What to do :: Print out the data exactly, keeping every image out of it.

Material provided ::
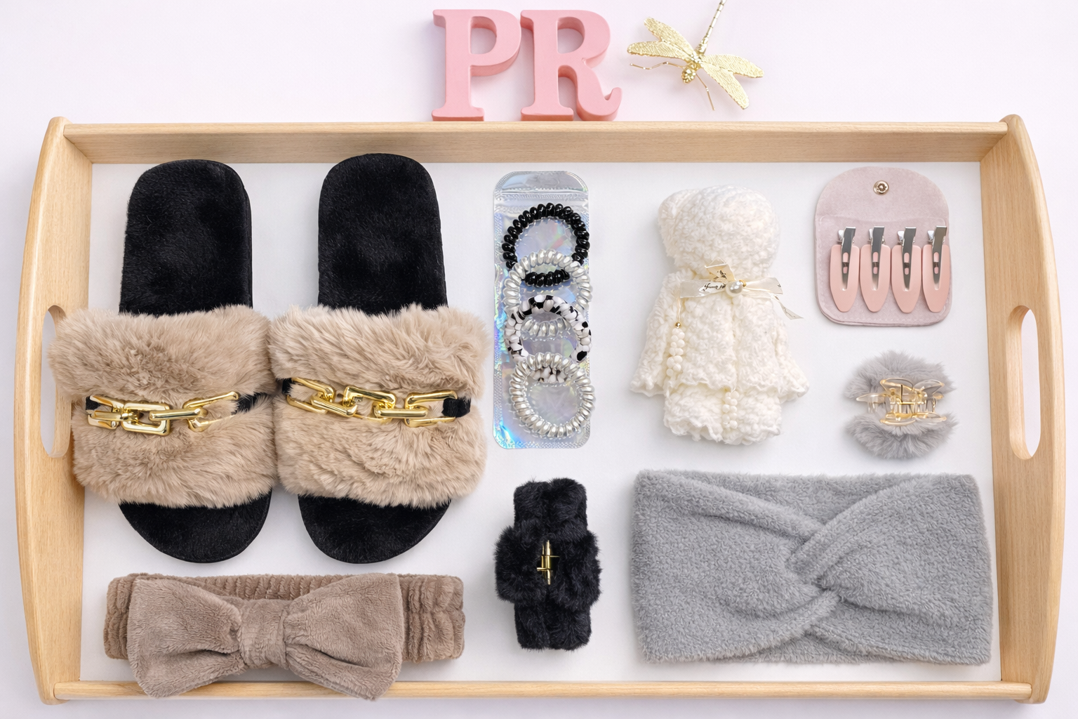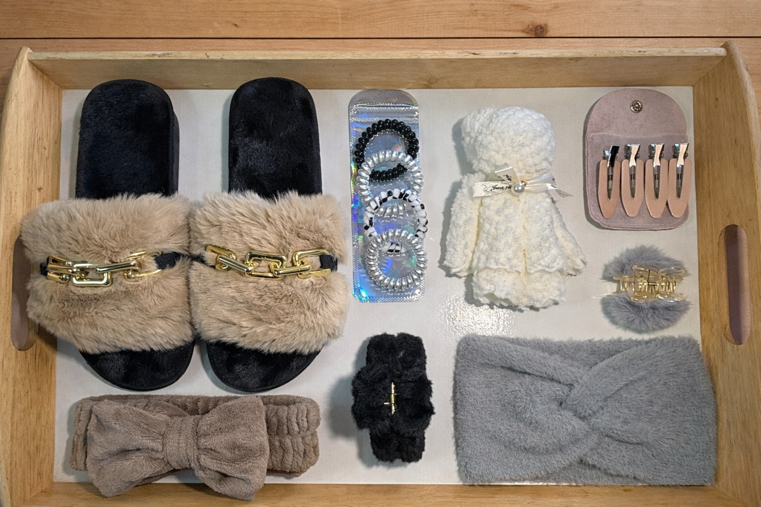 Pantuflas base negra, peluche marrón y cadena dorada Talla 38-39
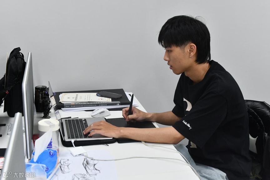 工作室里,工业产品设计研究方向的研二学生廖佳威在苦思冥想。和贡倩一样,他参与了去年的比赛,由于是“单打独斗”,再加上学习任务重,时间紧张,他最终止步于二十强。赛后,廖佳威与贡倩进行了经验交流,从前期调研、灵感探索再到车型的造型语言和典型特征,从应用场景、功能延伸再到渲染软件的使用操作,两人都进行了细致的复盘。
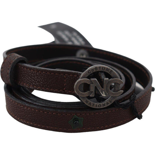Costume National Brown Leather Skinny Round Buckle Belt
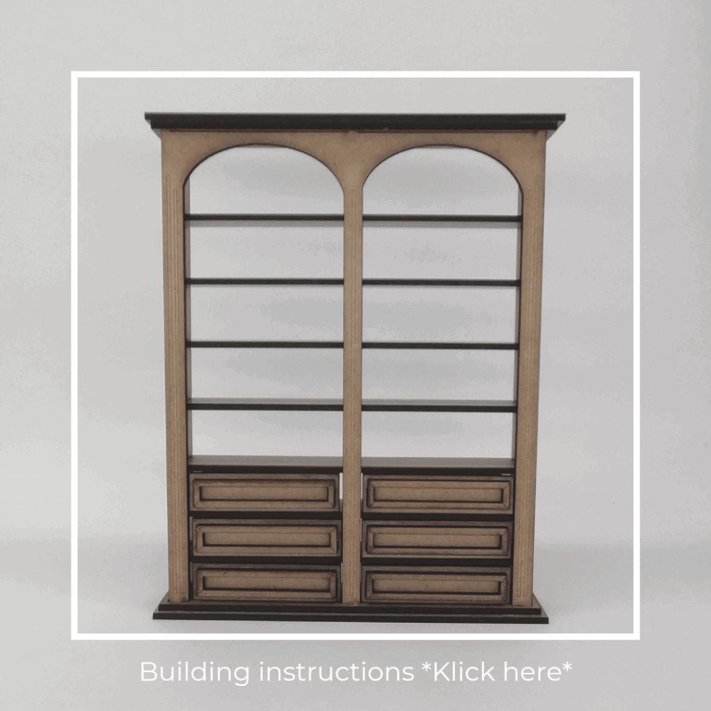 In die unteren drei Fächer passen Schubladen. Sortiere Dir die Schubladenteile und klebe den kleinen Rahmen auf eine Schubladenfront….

Answer box ::
 Pantuflas base negra, peluche marrón y cadena dorada Talla 38-39
 工作室里,工业产品设计研究方向的研二学生廖佳威在苦思冥想。和贡倩一样,他参与了去年的比赛,由于是“单打独斗”,再加上学习任务重,时间紧张,他最终止步于二十强。赛后,廖佳威与贡倩进行了经验交流,从前期调研、灵感探索再到车型的造型语言和典型特征,从应用场景、功能延伸再到渲染软件的使用操作,两人都进行了细致的复盘。
Costume National Brown Leather Skinny Round Buckle Belt
 In die unteren drei Fächer passen Schubladen. Sortiere Dir die Schubladenteile und klebe den kleinen Rahmen auf eine Schubladenfront….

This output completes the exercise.